As shown in FIGS. 1 and 3, the force absorbing studs 71, 72 have flanges for distributing the compressive force to the metal base sheet 13 inserted between the top plate 1 and the heating means 5. Doing. With this configuration, the pressure exerted on the upper plate 1 by the force absorbing studs 71 and 72 can be reduced. This makes it possible to select an epoxy resin which is filled with a material, such as glass fiber, which is not very resistant to compression, for producing the upper plate 1 in the form of a heat insulating plate.

The flange 11 of the force absorbing studs 71, 72 can be supported directly on the bottom plate 3 or on a metal finish sheet 15 inserted between the heating means 5 and the bottom plate 3. Can be. In order to contribute to good heat distribution uniformity of the frame, the finishing sheet 15 is selected to quickly diffuse heat throughout the lower plate 3.

The force absorbing studs 71, 72 with the flange 11 can penetrate through the lower plate 3 (studs 71) or can only be between the upper plate 1 and the metal finishing sheet 15 (studs). (72)). These two types of force absorbing studs are shown in more detail in FIGS. 3A and 3B, respectively.

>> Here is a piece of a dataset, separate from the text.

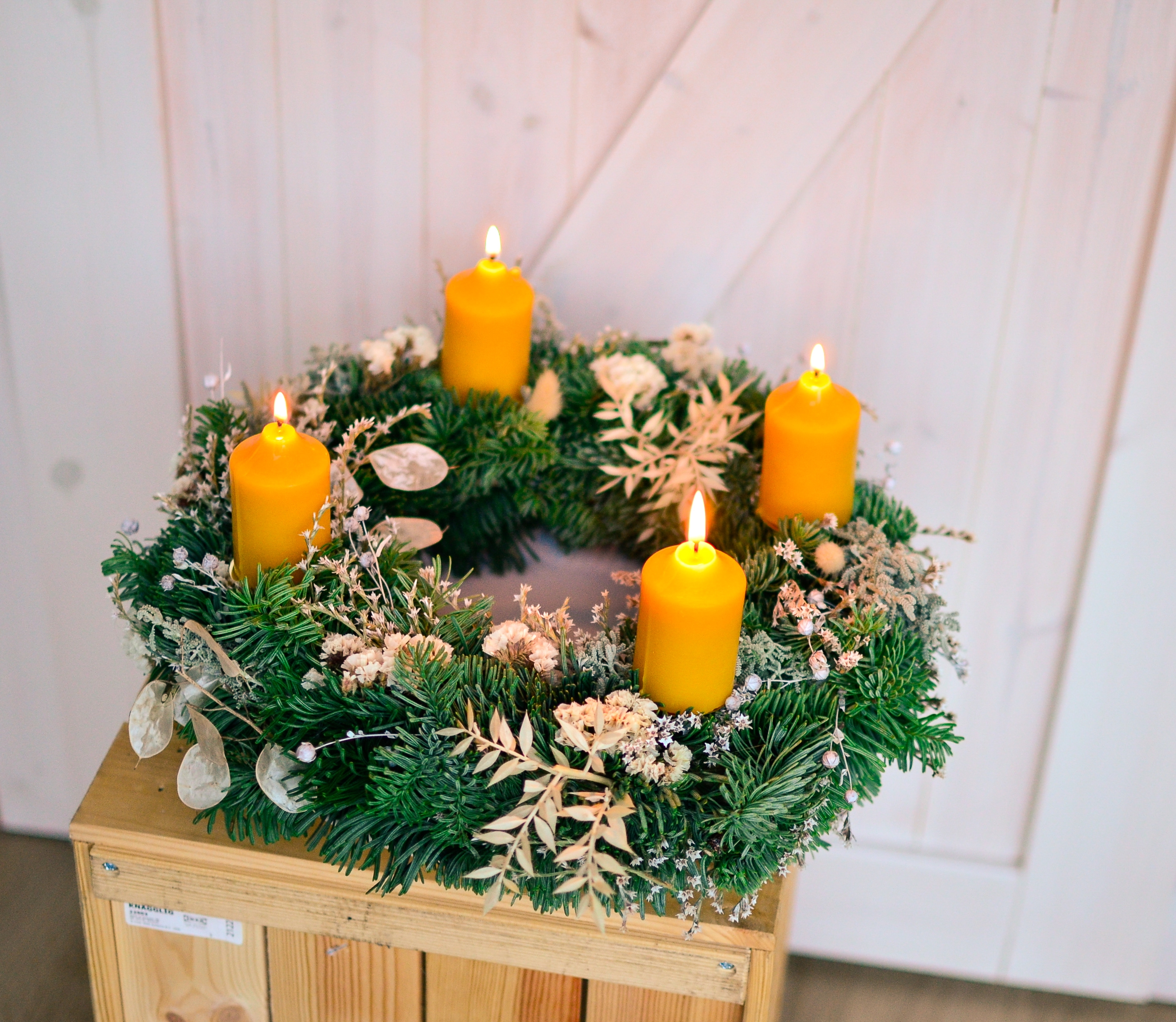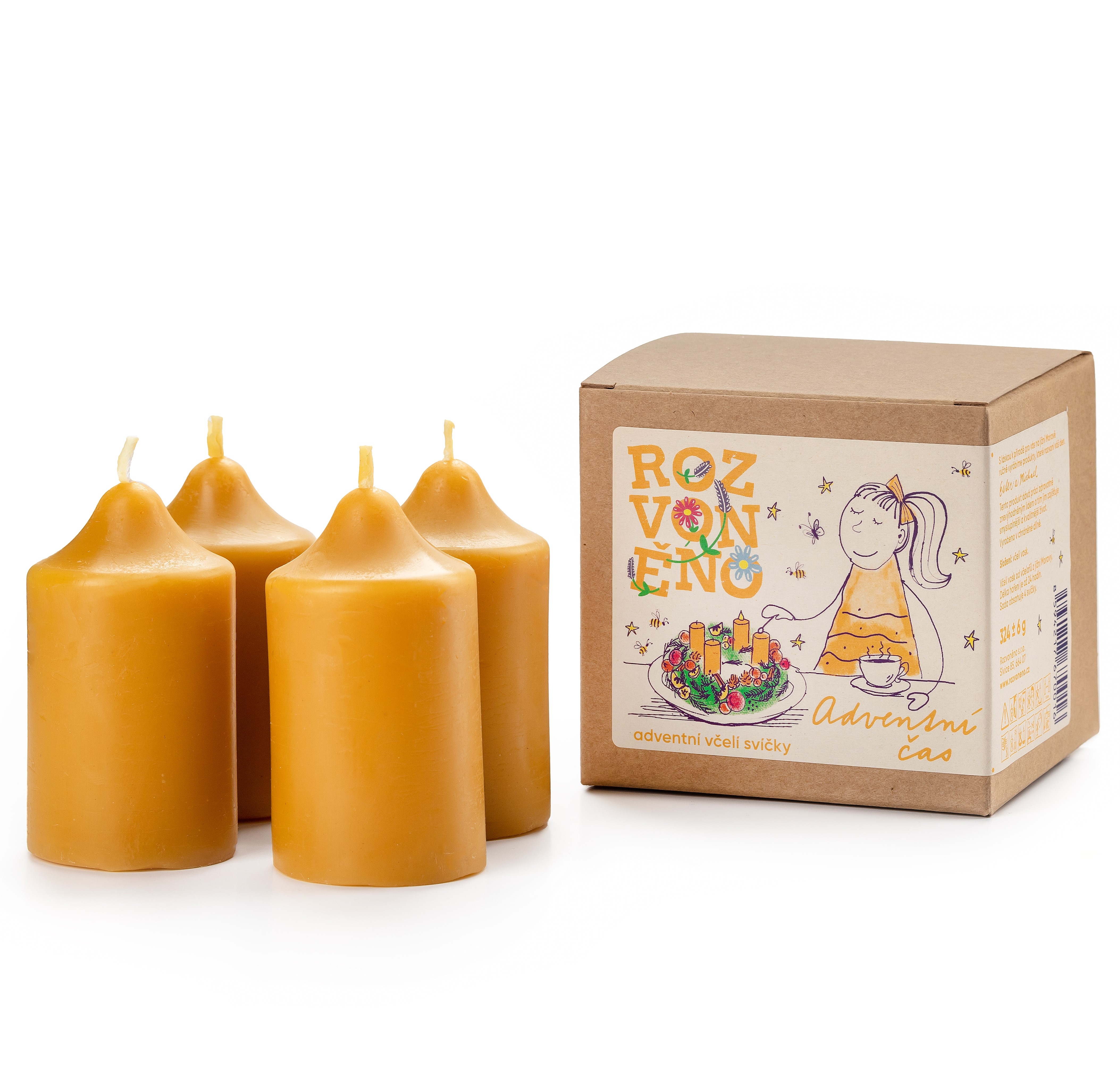 Adventní čas obsahuje sadu čtyř adventních přírodních včelích svíček.

In order to first limit the heating of the upper plate 1 and also to compress the heating means 5 so that good thermal contact between the heating means and the finishing sheet 15 or the lower plate 3 is ensured, thermal insulation such as ceramic felt The soft material 17 is inserted between the heating means 5 and the upper plate 1.

As mentioned above, the heating means consists of a film disposed between the lower plate 3 and the upper plate 1, and preferably has a hole to allow passage of the force absorbing studs 71 and 72. In this configuration, the total thickness of the frame can be significantly reduced. This reduction in size makes it possible to convert a press initially used for cutting purposes into a press for carrying out the transfer of the hot metallized strip.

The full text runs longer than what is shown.